Problem requirements: Without the pictures, copy all of the data exactly.

Stored data:
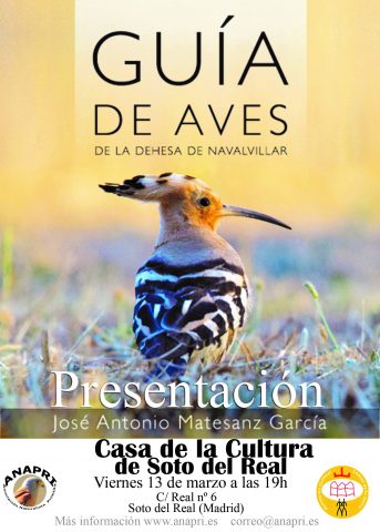 Asociación Naturalista Primilla (ANAPRI) y Asociación Cultural Chozas de la Sierra Presentación libro. Guía de Aves Dehesa de Navalvillar por José Antonio Matesanz García, presidente de ANAPRI. Este libro nos muestra la gran variedad de aves que habitan en la zona norte de Madrid durante el año, especies que han sido observadas en la Dehesa […]
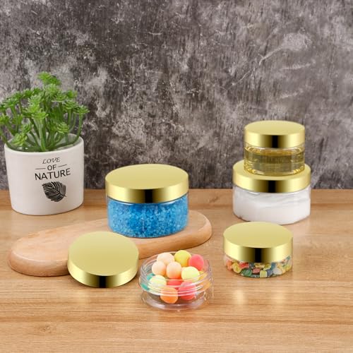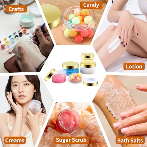 • [MULTIPURPOSE]:This clear plastic round storage jar can not only be used for storing creams, lotions, bath salts, sugar scrubs, fondants, lip scrubs, cosmetics and other items, but it is also suitable for storing dry food, nuts, spices, flour, cute candies, or other handmade products, all of them are a extremely good choice, but it is not recommended to place the objects of higher temperature, you can wait for them to be cooled before storing them.
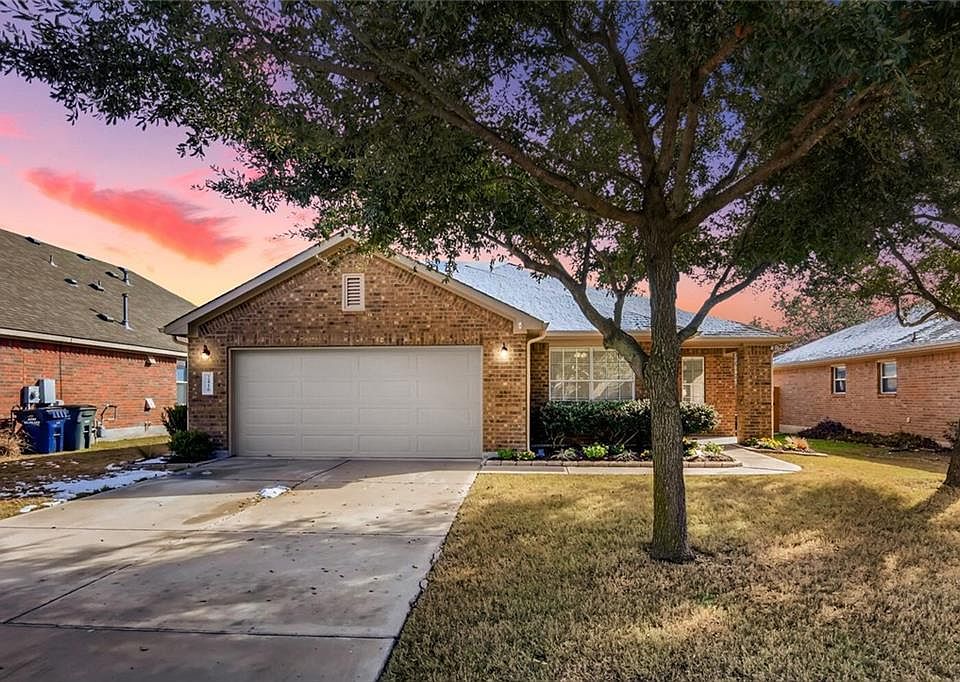 Beautiful three bedroom, two bathroom home Cold Springs neighborhood, Leander. Feel welcomed with the large front yard and tall shade trees. Vinyl plank flooring throughout the house & NO carpet. The living room is bright and airy with high ceilings, flowing seamlessly into the kitchen and breakfast area. This kitchen features granite counters, a breakfast bar, tile backsplash, gas cooking, and a center island - perfect for your resident chef. This home also features a formal dining area. This house has a dedicated office that can be used as a flex space - virtual school area, media area - your choice! The Primary bedroom is spacious with high ceilings and an abundance of natural light! Ensuite bath w/ double vanity, a luxurious soaking garden tub, separate shower, and walk-in closet. The guest bedrooms are spacious and bright, featuring ceiling fans and walk-in closets. Relax under your covered patio in the backyard. This lovely home is situated in the highly coveted area of Leander ISD. Great location! Close proximity to Lakewood Park, shopping, grocery stores, food, and more.

Written solution:
 Asociación Naturalista Primilla (ANAPRI) y Asociación Cultural Chozas de la Sierra Presentación libro. Guía de Aves Dehesa de Navalvillar por José Antonio Matesanz García, presidente de ANAPRI. Este libro nos muestra la gran variedad de aves que habitan en la zona norte de Madrid durante el año, especies que han sido observadas en la Dehesa […]
 • [MULTIPURPOSE]:This clear plastic round storage jar can not only be used for storing creams, lotions, bath salts, sugar scrubs, fondants, lip scrubs, cosmetics and other items, but it is also suitable for storing dry food, nuts, spices, flour, cute candies, or other handmade products, all of them are a extremely good choice, but it is not recommended to place the objects of higher temperature, you can wait for them to be cooled before storing them.
 Beautiful three bedroom, two bathroom home Cold Springs neighborhood, Leander. Feel welcomed with the large front yard and tall shade trees. Vinyl plank flooring throughout the house & NO carpet. The living room is bright and airy with high ceilings, flowing seamlessly into the kitchen and breakfast area. This kitchen features granite counters, a breakfast bar, tile backsplash, gas cooking, and a center island - perfect for your resident chef. This home also features a formal dining area. This house has a dedicated office that can be used as a flex space - virtual school area, media area - your choice! The Primary bedroom is spacious with high ceilings and an abundance of natural light! Ensuite bath w/ double vanity, a luxurious soaking garden tub, separate shower, and walk-in closet. The guest bedrooms are spacious and bright, featuring ceiling fans and walk-in closets. Relax under your covered patio in the backyard. This lovely home is situated in the highly coveted area of Leander ISD. Great location! Close proximity to Lakewood Park, shopping, grocery stores, food, and more.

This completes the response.